GIVEN DATA:
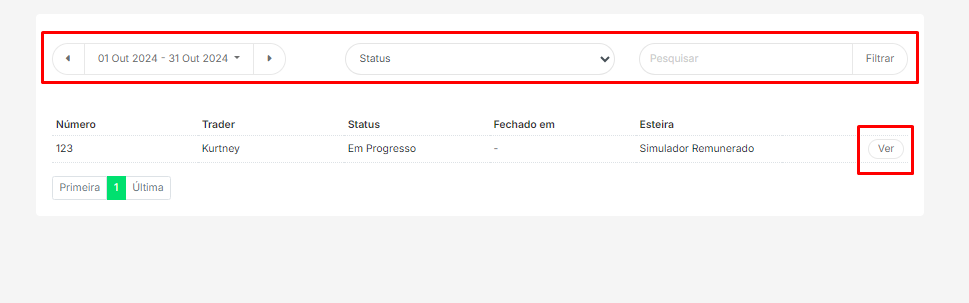 - Seta para cima – Organiza a esteira por ordem decrescente: Organiza a lista de planos ou traders em ordem decrescente, de acordo com um critério como data ou valor.
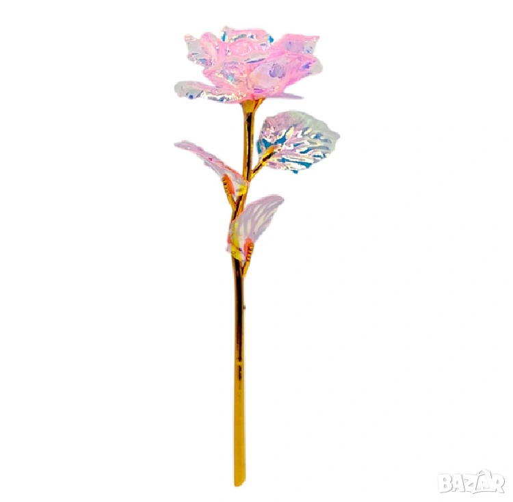 Розата е изработена от нежно фолио и е обвита с фина LED лента, която създава красива и романтична атмосфера. С едно натискане на малкото сърчице светлините се включват и превръщат подаръка в истинско вълшебство.
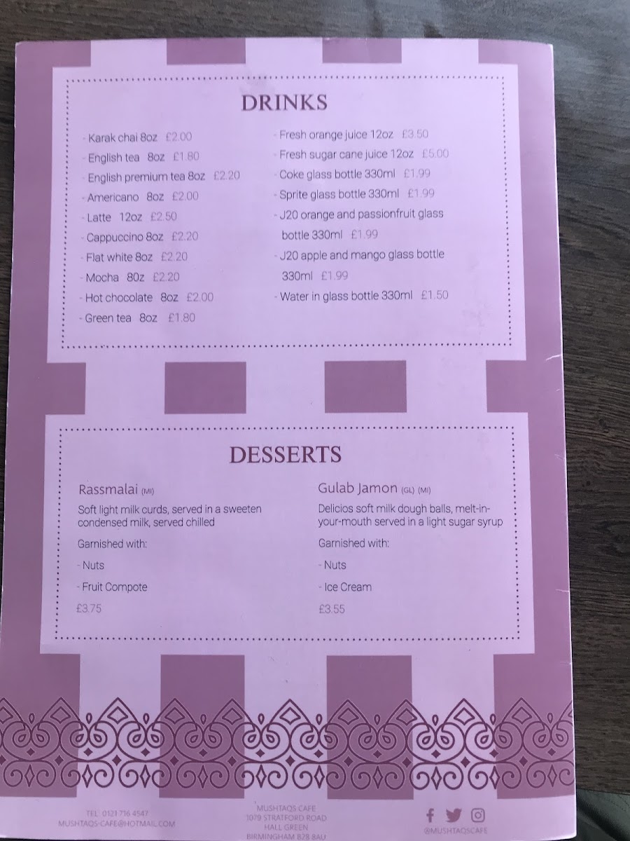 Welcome to Mushtaqs Cafe, a charming culinary destination located at 1079 Stratford Rd, Birmingham. Emphasizing a delightful mix of traditional Pakistani breakfast and quick snacks, this cafe has quickly gained a buzz among locals. The menu showcases a range of offerings from generously portioned breakfasts to enticing desserts. Diners rave about the premium Pakistani breakfast, beautifully presented and full of hearty flavors, though some note that portions could be more substantial for the price.
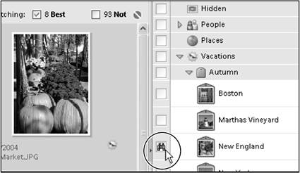 Figure 13.43. When the binoculars icon is visible next to a tag in the Tags pane, only that tag's photos will appear in the Photo Browser.
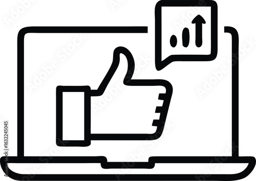 Fototapeta premium Vector art of laptop computer screen showing a thumbs up and a positive growth chart, isolated on white background
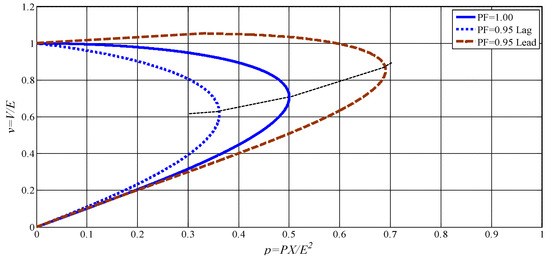 By increasing load power demand, the absolute value of impedance reduces and the current in the receiver node, Ir, increases. Figure 2 is a general approach that can be used to define the stability margin. The relation between normalized voltage and power variables is shown in Equation (5) [24]. This equation is used to obtain the V-P curve for the two-node system of Figure 1.
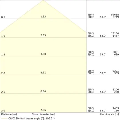 Der Abstrahlwinkel bezeichnet den Winkel, in dem das Licht aus der Lichtquelle ausgestrahlt wird. Er wird in Grad (D) angegeben. Je geringer die Gradzahl des Abstrahlwinkels ist, desto kleiner ist auch der Durchmesser des Lichtkegels, den die Lichtquelle produziert. Beispiel: Wird eine Lampe mit einem Abstrahlwinkel von 60 Grad an der Decke (2,5 m Höhe) angebracht, erzeugt sie einen Lichtkegel von 2,9 Metern Durchmesser. Hat die Lampe hingegen einen Abstrahlwinkel von 120 Grad, beträgt der Lichtkegel 8,7 Meter im Durchmesser. |
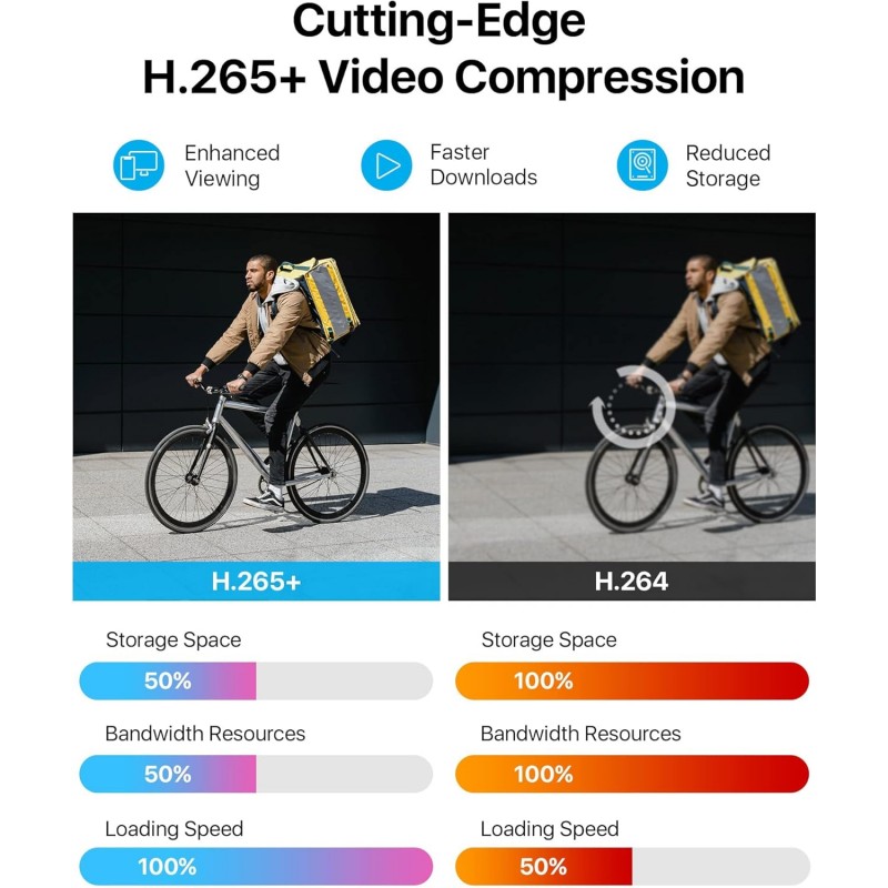 Inclui compressão de vídeo H.265+, que permite poupar espaço de armazenamento e largura de banda mantendo a qualidade da imagem.
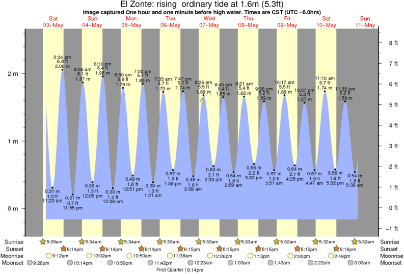 Forecast wind and swell just offshore from El Zonte around the time the photo was taken
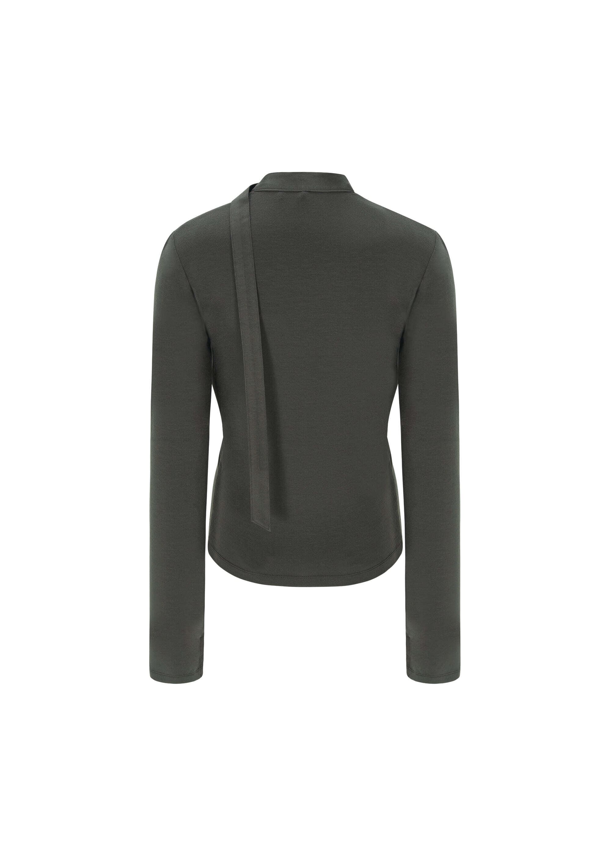[BOHEMIAN SEOUL] TIE DEEP V-NECK TOP, DEEP KHAKI
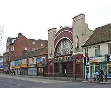 In 1898 William Morton's Theatre Royal showed a 'Veriscope' film, probably the first time any film was shown in a Hull theatre.[1] The Prince's Hall was the first purpose-built cinema in Kingston upon Hull, and was opened in George Street by Morton in 1910 (renamed the Curzon 1955). As Hull embraced the new age of public entertainment, attendances at traditional theatre declined. Luxurious cinemas, taking their inspiration from theatres and music halls, were built to accommodate audiences in almost every neighbourhood in the city.[2] By 1914, there were 29 cinemas, theatres and halls showing films in the city. The London and Provincial Cinema Company owned the Hippodrome; the National Electric Picture Theatres owned the Theatre de Luxe, but Morton's was the largest and most influential cinema chain in Hull.[1]
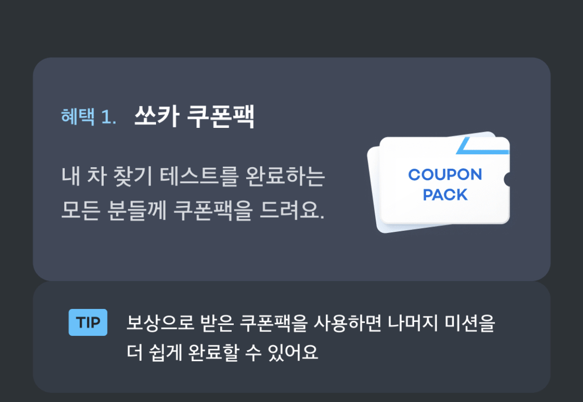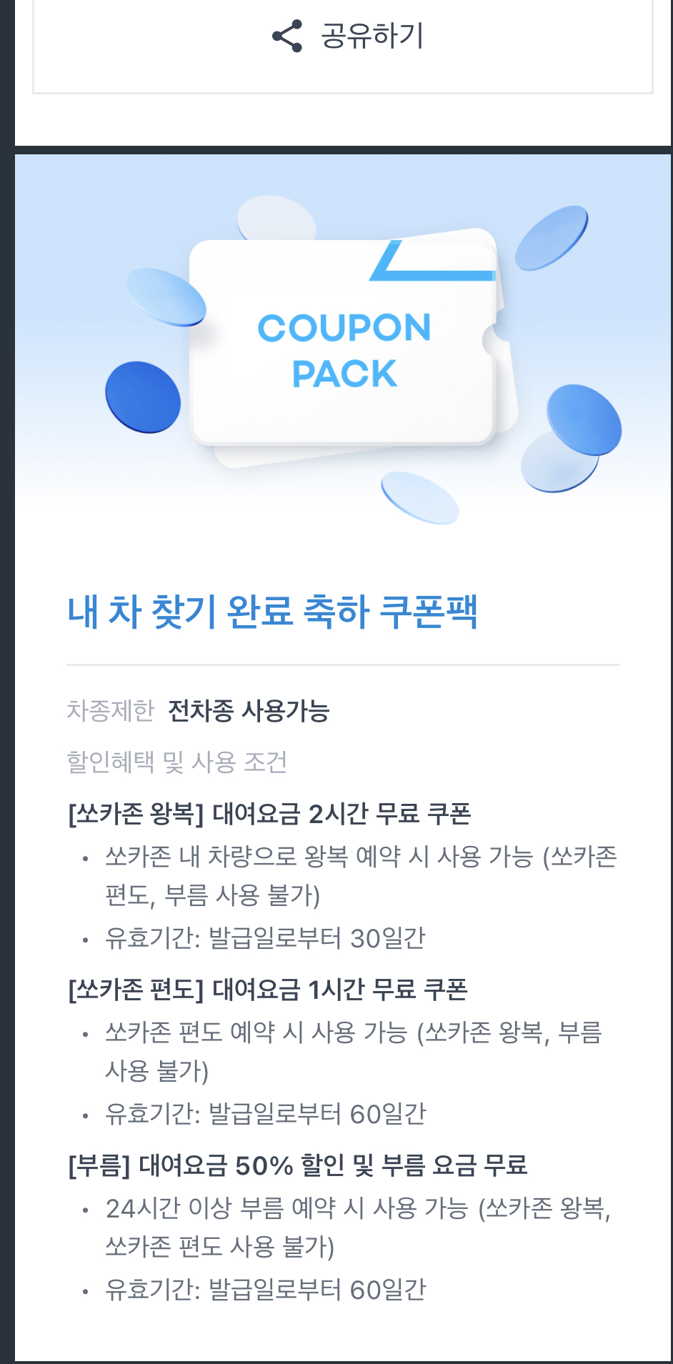 내 차 찾기 미션을 통과하면 위와 같은 쿠폰을 받을 수 있습니다 쿠폰의 내용을 보니 남은 네 가지 미션 참여에 도움이 되는 쿠폰들입니다. 쏘카 자주 이용하시는 분들은 참여 하셔서 혜택 누리시기 바랍니다.

EXERCISE GOAL: Whatever the records hold apart from pictures should be repeated exactly.

OUTPUT:
 - Seta para cima – Organiza a esteira por ordem decrescente: Organiza a lista de planos ou traders em ordem decrescente, de acordo com um critério como data ou valor.
 Розата е изработена от нежно фолио и е обвита с фина LED лента, която създава красива и романтична атмосфера. С едно натискане на малкото сърчице светлините се включват и превръщат подаръка в истинско вълшебство.
 Welcome to Mushtaqs Cafe, a charming culinary destination located at 1079 Stratford Rd, Birmingham. Emphasizing a delightful mix of traditional Pakistani breakfast and quick snacks, this cafe has quickly gained a buzz among locals. The menu showcases a range of offerings from generously portioned breakfasts to enticing desserts. Diners rave about the premium Pakistani breakfast, beautifully presented and full of hearty flavors, though some note that portions could be more substantial for the price.
 Figure 13.43. When the binoculars icon is visible next to a tag in the Tags pane, only that tag's photos will appear in the Photo Browser.
 Fototapeta premium Vector art of laptop computer screen showing a thumbs up and a positive growth chart, isolated on white background
 By increasing load power demand, the absolute value of impedance reduces and the current in the receiver node, Ir, increases. Figure 2 is a general approach that can be used to define the stability margin. The relation between normalized voltage and power variables is shown in Equation (5) [24]. This equation is used to obtain the V-P curve for the two-node system of Figure 1.
 Der Abstrahlwinkel bezeichnet den Winkel, in dem das Licht aus der Lichtquelle ausgestrahlt wird. Er wird in Grad (D) angegeben. Je geringer die Gradzahl des Abstrahlwinkels ist, desto kleiner ist auch der Durchmesser des Lichtkegels, den die Lichtquelle produziert. Beispiel: Wird eine Lampe mit einem Abstrahlwinkel von 60 Grad an der Decke (2,5 m Höhe) angebracht, erzeugt sie einen Lichtkegel von 2,9 Metern Durchmesser. Hat die Lampe hingegen einen Abstrahlwinkel von 120 Grad, beträgt der Lichtkegel 8,7 Meter im Durchmesser. |
 Inclui compressão de vídeo H.265+, que permite poupar espaço de armazenamento e largura de banda mantendo a qualidade da imagem.
 Forecast wind and swell just offshore from El Zonte around the time the photo was taken
[BOHEMIAN SEOUL] TIE DEEP V-NECK TOP, DEEP KHAKI
 In 1898 William Morton's Theatre Royal showed a 'Veriscope' film, probably the first time any film was shown in a Hull theatre.[1] The Prince's Hall was the first purpose-built cinema in Kingston upon Hull, and was opened in George Street by Morton in 1910 (renamed the Curzon 1955). As Hull embraced the new age of public entertainment, attendances at traditional theatre declined. Luxurious cinemas, taking their inspiration from theatres and music halls, were built to accommodate audiences in almost every neighbourhood in the city.[2] By 1914, there were 29 cinemas, theatres and halls showing films in the city. The London and Provincial Cinema Company owned the Hippodrome; the National Electric Picture Theatres owned the Theatre de Luxe, but Morton's was the largest and most influential cinema chain in Hull.[1]
 내 차 찾기 미션을 통과하면 위와 같은 쿠폰을 받을 수 있습니다 쿠폰의 내용을 보니 남은 네 가지 미션 참여에 도움이 되는 쿠폰들입니다. 쏘카 자주 이용하시는 분들은 참여 하셔서 혜택 누리시기 바랍니다.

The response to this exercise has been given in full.